PROBLEM REQUIREMENTS> For the data below, transcribe the part that opens with the line containing "YF6361-(2色入内)性" and closes with the line containing "ingredients : vegetable", exactly and with no pictures.

RECORDS SUPPLIED>
Segment Open

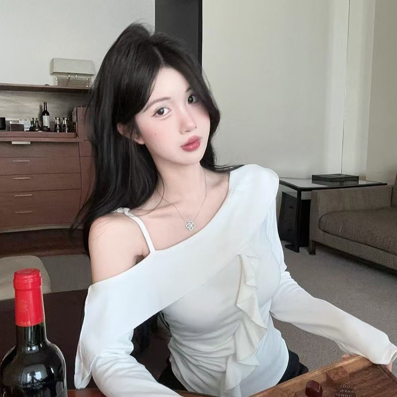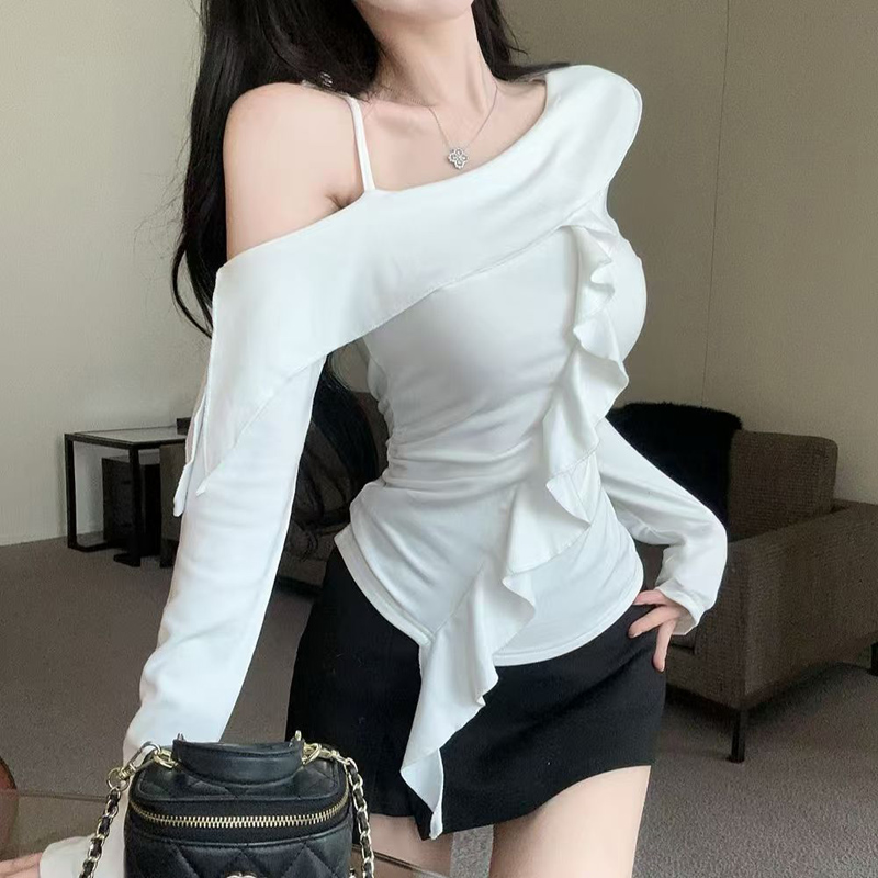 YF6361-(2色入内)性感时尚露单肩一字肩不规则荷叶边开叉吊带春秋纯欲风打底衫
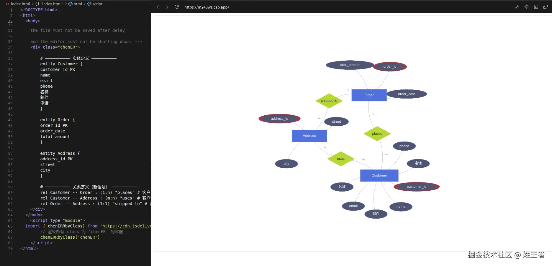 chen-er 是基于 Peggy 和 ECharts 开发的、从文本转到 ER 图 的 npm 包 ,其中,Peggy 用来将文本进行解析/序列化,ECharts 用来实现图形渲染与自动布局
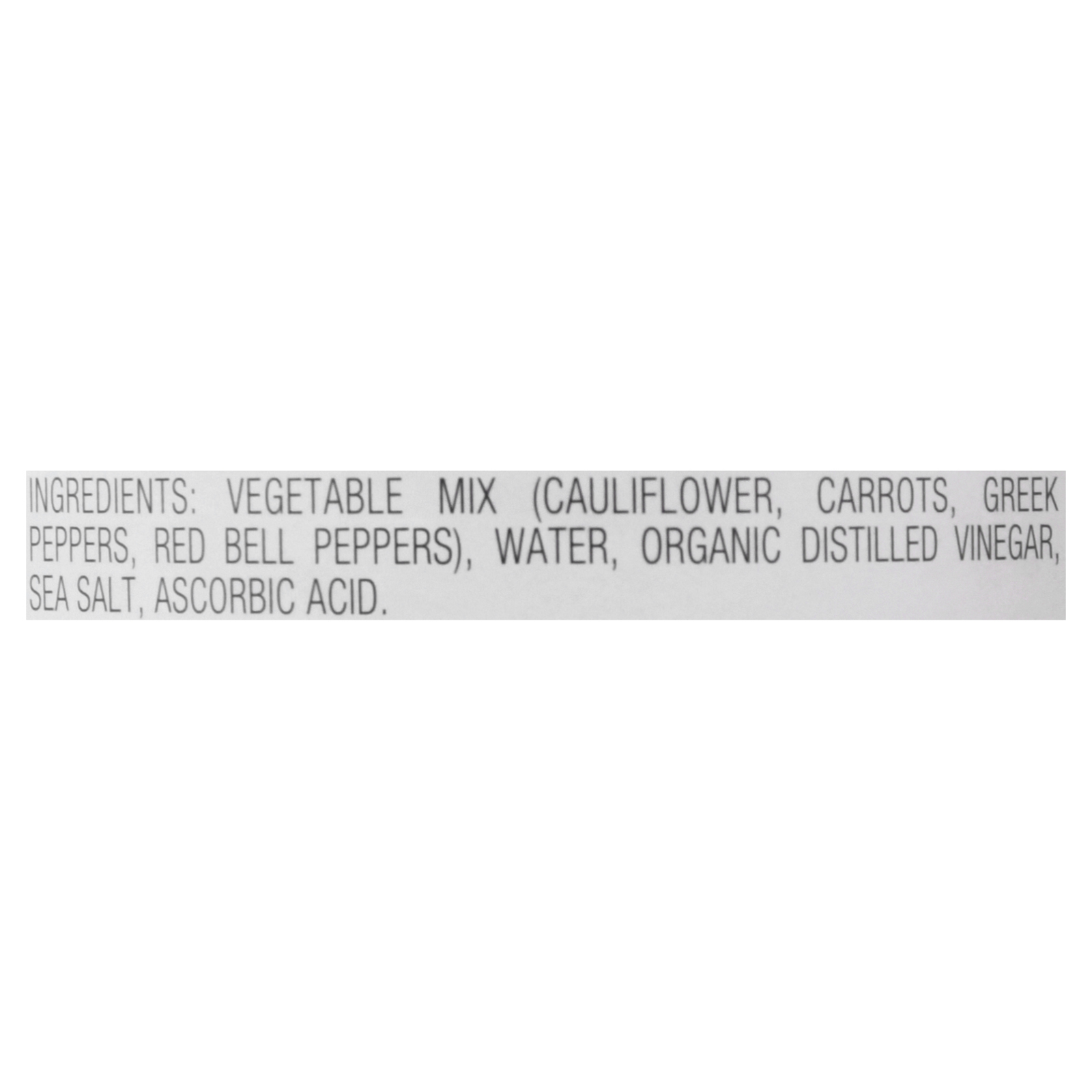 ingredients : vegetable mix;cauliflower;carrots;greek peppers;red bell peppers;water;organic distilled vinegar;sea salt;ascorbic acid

Segment Closed
Segment Open

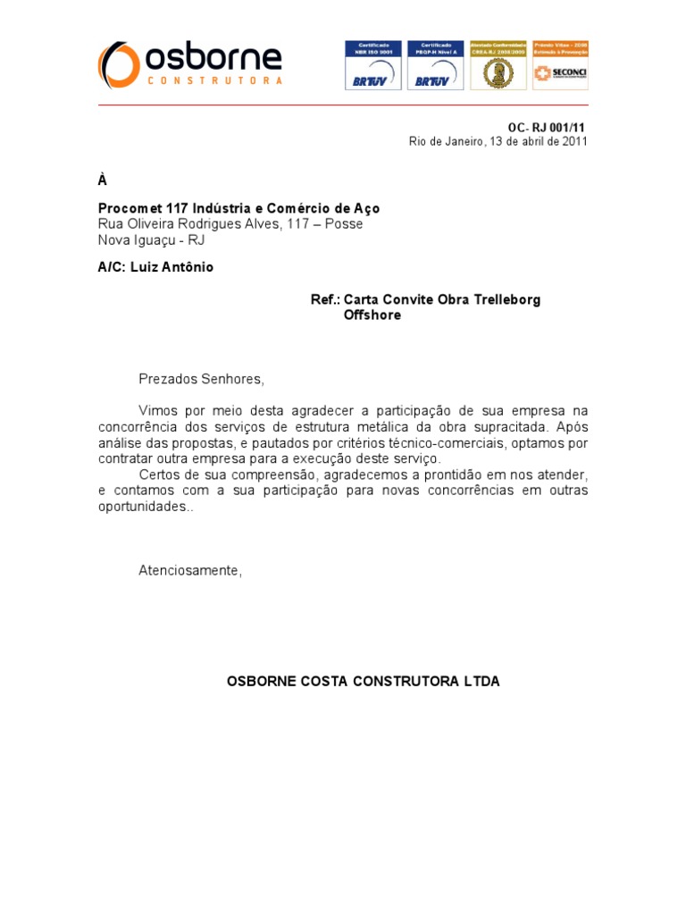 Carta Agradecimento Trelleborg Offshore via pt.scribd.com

Segment Closed

ANSWER SECTION>
 YF6361-(2色入内)性感时尚露单肩一字肩不规则荷叶边开叉吊带春秋纯欲风打底衫
 chen-er 是基于 Peggy 和 ECharts 开发的、从文本转到 ER 图 的 npm 包 ,其中,Peggy 用来将文本进行解析/序列化,ECharts 用来实现图形渲染与自动布局
 ingredients : vegetable mix;cauliflower;carrots;greek peppers;red bell peppers;water;organic distilled vinegar;sea salt;ascorbic acid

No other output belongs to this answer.